BVC - women and brewing -Reply
Chuck.Graves at faa.gov
Fri Apr 2 10:35:10 PST 1999
>>2) Since women in the Middle Ages were the primary >brewers -- why aren't
>>more women in the SCA >interested in brewing? What prompted this
>>>disinterest? Is brewing in the SCA truly a "MAN's" >Activity? (grin)
>I believe that beer is more of a "man's" drink now than in the Middle Ages
>where everyone including children drank beer (or ale) with every meal
>including breakfast (with the possible exception of the rich who drank
>wine). For that reason, brewers may be more likely to be male.

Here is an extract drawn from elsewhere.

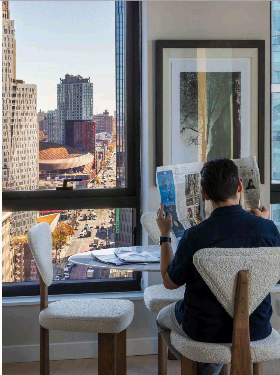
Units offer elevated views of downtown Brooklyn.

The curtainwall facade is inspired by historic Brooklyn architecture, BBB elaborated, which is meant to distinguish it from other towers in the neighborhood. Punched windows create depth and shadow lines typical in older residential buildings. The tower is clad in aluminum-composite metal panels with shades of champagne and bronze, meant to emulate nearby masonry structures.

That's true given beer but what about the wine and meads.... true
most of the woman in the Sca tend to lean more towards wines, liqueurs and
meads. There are less women brewers in Ansteorra than fingers on my
I would also venture that you should consider yet another aspect: when
did brewing become more predominantly a guild activity? Perhaps the
masculine angle comes from both general consumption (how many women
generally frequented the taverns?) and public production (how many women
were part of the brewing guilds?)
>The only women at such activities tend to be the significant others of male
>homebrewers. If we lived further north where fruits and berries were more
>common, we may would see more women as vintners.
Is that true? I know Isabella or ork, who has been posting
recently on this list is from the Eastern area. Are there more brewers in
the Northern part of the US who are brewers. Is Ansteorra, unusual for the
amount of brewers. Personally I don't think so since Isabella mentioned
she was happy to talk to another female brewer (during Gulf War) How many
Brewers are in Ansteorra that are female?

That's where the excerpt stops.